Grey Griffins
- The logo of the Grey Griffins book series.
- The Revenge of the Shadow King The Rise of the Black Wolf The Fall of the Templar The Brimstone Key The Relic Hunters The Paragon Prison
- Author: Derek Benz and J. S. Lewis
- Illustrator: August Hall
- Cover artist: Richard Amari
- Country: United States and Canada
- Language: English
- Genre: Children's literature, science fiction, fantasy
- Publisher: Orchard Books (an imprint of Scholastic Inc); Little, Brown Books for Young Readers
- Published: March 2006 – May 2012
- Website: grey-griffins.com

= Grey Griffins =

Children's novel series

Grey Griffins is a children's novel series written by the American authors Derek Benz and J. S. Lewis in collaboration.

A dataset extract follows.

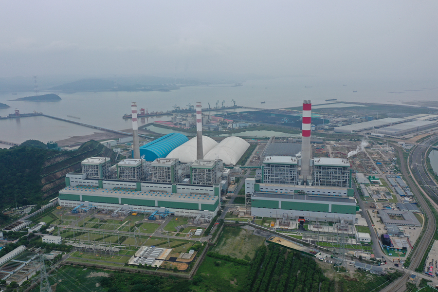2023年6月13日拍摄的浙能乐清电厂,右侧为三期工程(无人机照片),该工程入选浙江省“千项万亿”重大工程。新华社记者 黄宗治 摄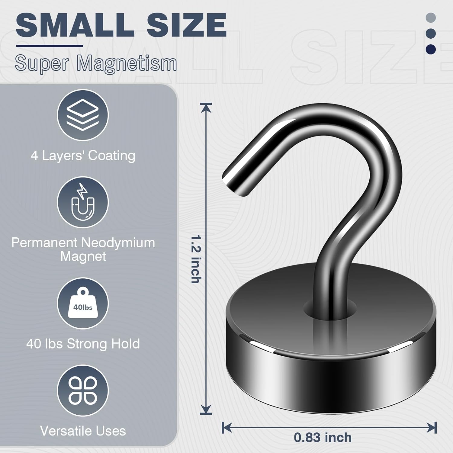 - ✔ VERSATILE USE- Neosmuk’s strong neodymium magnetic hooks were endowed with a strong capability for holding various items wherever there is iron or steel. This magnet hook is a perfect magnetic key holder. You can also hang your tools next to the toolbox with this magnetic hook. Our magnetic hooks are great for grill, pot, cup, utensils, and oven.

The first trilogy in the series was published by Orchard Books, an imprint of Scholastic Inc. The authors signed with Little, Brown Books for Young Readers for the second trilogy.

== Plot ==
The Grey Griffins series follows the story of four close friends (Max, Ernie, Natalia and Harley) who find the small town they have lived in all their lives is ground zero for an invasion of the darkest and most dangerous sort of magic.

==List of novels==

===Main Trilogy===
- The Revenge of the Shadow King (March 2006)
- The Rise of the Black Wolf (January 2007)
- The Fall of the Templar (January 2008)

===Clockwork Chronicles===
- The Brimstone Key (June 7, 2010)
- The Relic Hunters (May 10, 2011)
- The Paragon Prison (May 8, 2012)

==List of major characters==
- Grayson Maximillian Sumner III / Max Sumner: Leader of the Secret Order of the Grey Griffins.
- Ernie Tweeny: Youngest of the Grey Griffins; AKA: Agent Thunderbolt.
- Natalia Romanov: Detective of the Grey Griffins.
- Harley Davidson Eisenstein: Engineer and tough guy of the Grey Griffins.